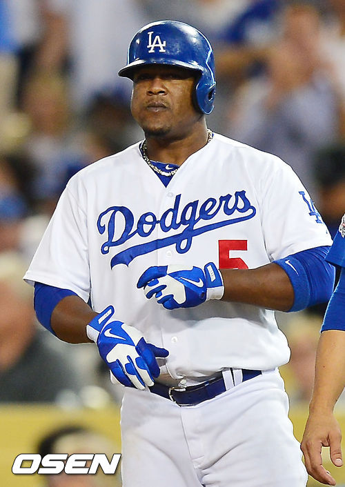 6회말 2사 2루 1타점 적시타를 날린 다저스 후안 유리베가 기뻐하고 있다. / rumi@osen.co.kr
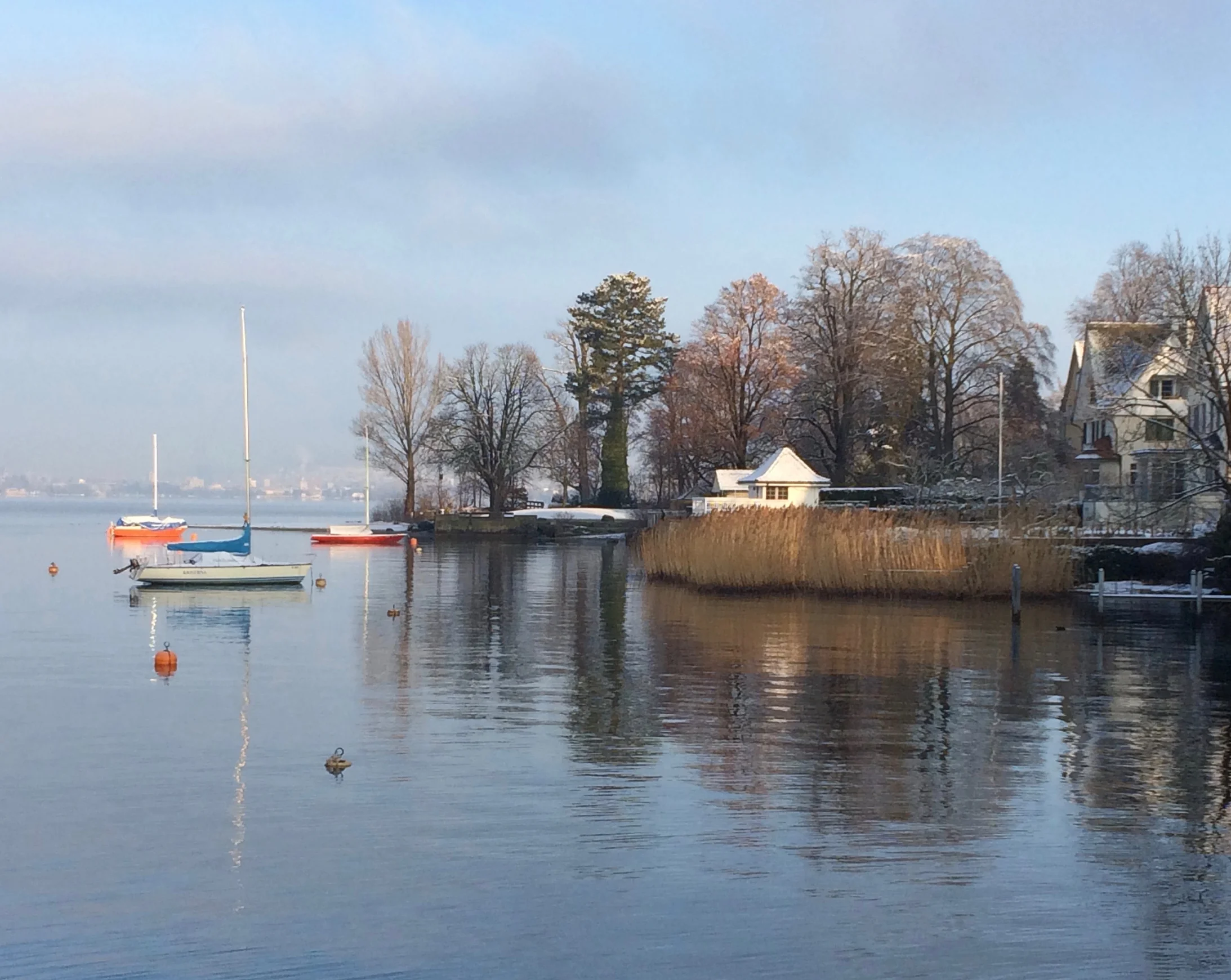 Ich schwimme an der roten Boje des blauen Seglers vorbei dem Ufer zu und bin erneut erstaunt, wie nahe man sein muss, bis die Füsse Grund finden, wo mich nicht Kant, sondern kantige Steine erwarten. Ich trockne mich ab, ziehe mein T-Shirt über und gehe auf dem Holzsteg zur kleinen Bootswerft, deren Chef bereits die Blumen gegossen hat und jetzt in der offenen Halle an einem Boot hantiert. Wenn ich die Seestrasse überquere, müssen die Banker von der Goldküste auf dem Weg zur Arbeit in ihren schwarzen Limousinen und Sportwagen für den tropfnassen Pensionär kurz anhalten. Einige nicken freundlich, wenn ich ihnen mit einem Handzeichen danke (Kant besiegt Darwin), andere drücken entnervt aufs Gas, bevor ich das andere Trottoir erreicht habe. Jetzt freue ich mich auf die Dusche, das Morgenessen mit meiner Frau und die Aussicht, morgen die Geschichte der Menschheit wiederum ganz neu denken zu dürfen.
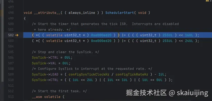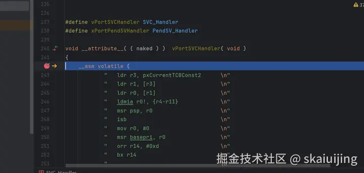 继续执行程序,我们发现我们进入了一个由汇编程序组成的函数中,这是SVC中断,通过注释,我们知道,就是它开启了第一个任务:
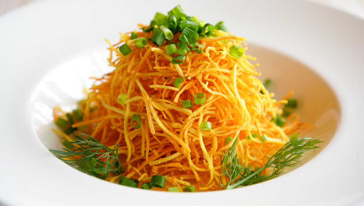 🟩Картофель натереть на тёрке для корейской моркови, промыть, обсушить и обжарить до хруста в большом количестве масла.

┄┄┄┄┄┄┄┄┄┄┄┄┄┄┄┄┄┄┄┄

Required action:
In the material above, retype exactly the lines that run from the one containing "Ich schwimme an" through the last line, and keep out the pictures.

Reply:
 Ich schwimme an der roten Boje des blauen Seglers vorbei dem Ufer zu und bin erneut erstaunt, wie nahe man sein muss, bis die Füsse Grund finden, wo mich nicht Kant, sondern kantige Steine erwarten. Ich trockne mich ab, ziehe mein T-Shirt über und gehe auf dem Holzsteg zur kleinen Bootswerft, deren Chef bereits die Blumen gegossen hat und jetzt in der offenen Halle an einem Boot hantiert. Wenn ich die Seestrasse überquere, müssen die Banker von der Goldküste auf dem Weg zur Arbeit in ihren schwarzen Limousinen und Sportwagen für den tropfnassen Pensionär kurz anhalten. Einige nicken freundlich, wenn ich ihnen mit einem Handzeichen danke (Kant besiegt Darwin), andere drücken entnervt aufs Gas, bevor ich das andere Trottoir erreicht habe. Jetzt freue ich mich auf die Dusche, das Morgenessen mit meiner Frau und die Aussicht, morgen die Geschichte der Menschheit wiederum ganz neu denken zu dürfen.
 继续执行程序,我们发现我们进入了一个由汇编程序组成的函数中,这是SVC中断,通过注释,我们知道,就是它开启了第一个任务:
 🟩Картофель натереть на тёрке для корейской моркови, промыть, обсушить и обжарить до хруста в большом количестве масла.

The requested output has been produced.